Segment Start: Recorded data

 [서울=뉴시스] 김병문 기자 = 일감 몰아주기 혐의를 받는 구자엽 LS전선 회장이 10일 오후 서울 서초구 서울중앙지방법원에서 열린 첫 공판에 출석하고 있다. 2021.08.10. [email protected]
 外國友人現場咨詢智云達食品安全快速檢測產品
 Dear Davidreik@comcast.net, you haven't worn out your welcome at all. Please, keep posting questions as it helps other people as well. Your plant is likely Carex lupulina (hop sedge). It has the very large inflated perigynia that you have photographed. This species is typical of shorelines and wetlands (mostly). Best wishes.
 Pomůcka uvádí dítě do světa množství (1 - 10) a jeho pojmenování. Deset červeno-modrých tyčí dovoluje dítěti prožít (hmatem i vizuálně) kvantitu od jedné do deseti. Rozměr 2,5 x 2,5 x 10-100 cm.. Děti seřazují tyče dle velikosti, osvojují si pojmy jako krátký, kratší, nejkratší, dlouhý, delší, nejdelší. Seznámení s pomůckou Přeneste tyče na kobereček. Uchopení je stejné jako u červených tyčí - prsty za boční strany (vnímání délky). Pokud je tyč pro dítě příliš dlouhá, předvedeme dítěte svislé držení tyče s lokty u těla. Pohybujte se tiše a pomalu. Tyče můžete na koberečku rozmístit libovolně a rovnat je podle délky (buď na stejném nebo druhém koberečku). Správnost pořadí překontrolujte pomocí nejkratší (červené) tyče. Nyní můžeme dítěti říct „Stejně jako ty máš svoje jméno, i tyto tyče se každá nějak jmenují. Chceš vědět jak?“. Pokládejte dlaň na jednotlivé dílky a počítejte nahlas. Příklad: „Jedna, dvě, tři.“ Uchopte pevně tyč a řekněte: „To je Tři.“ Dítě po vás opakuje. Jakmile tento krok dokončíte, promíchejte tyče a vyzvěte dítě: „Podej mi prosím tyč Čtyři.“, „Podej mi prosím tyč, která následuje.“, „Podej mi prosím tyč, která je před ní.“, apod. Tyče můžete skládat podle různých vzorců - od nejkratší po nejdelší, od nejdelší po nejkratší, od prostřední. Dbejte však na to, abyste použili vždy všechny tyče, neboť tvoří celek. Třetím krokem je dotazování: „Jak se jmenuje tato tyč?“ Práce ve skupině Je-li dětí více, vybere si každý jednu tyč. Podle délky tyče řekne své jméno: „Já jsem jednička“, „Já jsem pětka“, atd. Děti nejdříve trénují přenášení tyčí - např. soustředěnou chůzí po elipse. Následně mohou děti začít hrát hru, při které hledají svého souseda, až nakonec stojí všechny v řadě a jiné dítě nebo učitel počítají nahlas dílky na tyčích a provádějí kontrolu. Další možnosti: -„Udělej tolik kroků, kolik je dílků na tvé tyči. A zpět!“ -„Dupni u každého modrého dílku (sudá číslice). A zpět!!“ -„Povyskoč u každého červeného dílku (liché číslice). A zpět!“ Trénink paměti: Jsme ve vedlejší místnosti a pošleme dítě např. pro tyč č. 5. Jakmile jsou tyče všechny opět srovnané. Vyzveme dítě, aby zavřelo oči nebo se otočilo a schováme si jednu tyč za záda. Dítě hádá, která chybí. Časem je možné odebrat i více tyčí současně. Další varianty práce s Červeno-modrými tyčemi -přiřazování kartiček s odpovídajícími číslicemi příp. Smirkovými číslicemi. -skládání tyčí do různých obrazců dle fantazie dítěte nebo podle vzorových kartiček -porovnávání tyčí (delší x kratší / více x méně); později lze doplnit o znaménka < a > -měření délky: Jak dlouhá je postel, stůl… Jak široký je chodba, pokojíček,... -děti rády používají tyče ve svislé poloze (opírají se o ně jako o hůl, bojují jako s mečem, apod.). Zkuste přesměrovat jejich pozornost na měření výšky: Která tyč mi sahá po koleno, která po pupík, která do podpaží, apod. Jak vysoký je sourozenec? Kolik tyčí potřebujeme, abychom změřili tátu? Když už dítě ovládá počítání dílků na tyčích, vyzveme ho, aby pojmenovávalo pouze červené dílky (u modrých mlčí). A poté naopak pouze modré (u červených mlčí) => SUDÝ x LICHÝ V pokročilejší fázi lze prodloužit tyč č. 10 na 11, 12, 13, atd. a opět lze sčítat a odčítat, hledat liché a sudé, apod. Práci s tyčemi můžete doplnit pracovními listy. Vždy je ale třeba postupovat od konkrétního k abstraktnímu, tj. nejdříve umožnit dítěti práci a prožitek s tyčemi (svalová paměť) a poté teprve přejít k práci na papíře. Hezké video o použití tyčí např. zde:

Segment End: Recorded data

▶ **What to produce**
Reply with an exact transcription of the material above.

▶ **Solution**
 [서울=뉴시스] 김병문 기자 = 일감 몰아주기 혐의를 받는 구자엽 LS전선 회장이 10일 오후 서울 서초구 서울중앙지방법원에서 열린 첫 공판에 출석하고 있다. 2021.08.10. [email protected]
 外國友人現場咨詢智云達食品安全快速檢測產品
 Dear Davidreik@comcast.net, you haven't worn out your welcome at all. Please, keep posting questions as it helps other people as well. Your plant is likely Carex lupulina (hop sedge). It has the very large inflated perigynia that you have photographed. This species is typical of shorelines and wetlands (mostly). Best wishes.
 Pomůcka uvádí dítě do světa množství (1 - 10) a jeho pojmenování. Deset červeno-modrých tyčí dovoluje dítěti prožít (hmatem i vizuálně) kvantitu od jedné do deseti. Rozměr 2,5 x 2,5 x 10-100 cm.. Děti seřazují tyče dle velikosti, osvojují si pojmy jako krátký, kratší, nejkratší, dlouhý, delší, nejdelší. Seznámení s pomůckou Přeneste tyče na kobereček. Uchopení je stejné jako u červených tyčí - prsty za boční strany (vnímání délky). Pokud je tyč pro dítě příliš dlouhá, předvedeme dítěte svislé držení tyče s lokty u těla. Pohybujte se tiše a pomalu. Tyče můžete na koberečku rozmístit libovolně a rovnat je podle délky (buď na stejném nebo druhém koberečku). Správnost pořadí překontrolujte pomocí nejkratší (červené) tyče. Nyní můžeme dítěti říct „Stejně jako ty máš svoje jméno, i tyto tyče se každá nějak jmenují. Chceš vědět jak?“. Pokládejte dlaň na jednotlivé dílky a počítejte nahlas. Příklad: „Jedna, dvě, tři.“ Uchopte pevně tyč a řekněte: „To je Tři.“ Dítě po vás opakuje. Jakmile tento krok dokončíte, promíchejte tyče a vyzvěte dítě: „Podej mi prosím tyč Čtyři.“, „Podej mi prosím tyč, která následuje.“, „Podej mi prosím tyč, která je před ní.“, apod. Tyče můžete skládat podle různých vzorců - od nejkratší po nejdelší, od nejdelší po nejkratší, od prostřední. Dbejte však na to, abyste použili vždy všechny tyče, neboť tvoří celek. Třetím krokem je dotazování: „Jak se jmenuje tato tyč?“ Práce ve skupině Je-li dětí více, vybere si každý jednu tyč. Podle délky tyče řekne své jméno: „Já jsem jednička“, „Já jsem pětka“, atd. Děti nejdříve trénují přenášení tyčí - např. soustředěnou chůzí po elipse. Následně mohou děti začít hrát hru, při které hledají svého souseda, až nakonec stojí všechny v řadě a jiné dítě nebo učitel počítají nahlas dílky na tyčích a provádějí kontrolu. Další možnosti: -„Udělej tolik kroků, kolik je dílků na tvé tyči. A zpět!“ -„Dupni u každého modrého dílku (sudá číslice). A zpět!!“ -„Povyskoč u každého červeného dílku (liché číslice). A zpět!“ Trénink paměti: Jsme ve vedlejší místnosti a pošleme dítě např. pro tyč č. 5. Jakmile jsou tyče všechny opět srovnané. Vyzveme dítě, aby zavřelo oči nebo se otočilo a schováme si jednu tyč za záda. Dítě hádá, která chybí. Časem je možné odebrat i více tyčí současně. Další varianty práce s Červeno-modrými tyčemi -přiřazování kartiček s odpovídajícími číslicemi příp. Smirkovými číslicemi. -skládání tyčí do různých obrazců dle fantazie dítěte nebo podle vzorových kartiček -porovnávání tyčí (delší x kratší / více x méně); později lze doplnit o znaménka < a > -měření délky: Jak dlouhá je postel, stůl… Jak široký je chodba, pokojíček,... -děti rády používají tyče ve svislé poloze (opírají se o ně jako o hůl, bojují jako s mečem, apod.). Zkuste přesměrovat jejich pozornost na měření výšky: Která tyč mi sahá po koleno, která po pupík, která do podpaží, apod. Jak vysoký je sourozenec? Kolik tyčí potřebujeme, abychom změřili tátu? Když už dítě ovládá počítání dílků na tyčích, vyzveme ho, aby pojmenovávalo pouze červené dílky (u modrých mlčí). A poté naopak pouze modré (u červených mlčí) => SUDÝ x LICHÝ V pokročilejší fázi lze prodloužit tyč č. 10 na 11, 12, 13, atd. a opět lze sčítat a odčítat, hledat liché a sudé, apod. Práci s tyčemi můžete doplnit pracovními listy. Vždy je ale třeba postupovat od konkrétního k abstraktnímu, tj. nejdříve umožnit dítěti práci a prožitek s tyčemi (svalová paměť) a poté teprve přejít k práci na papíře. Hezké video o použití tyčí např. zde:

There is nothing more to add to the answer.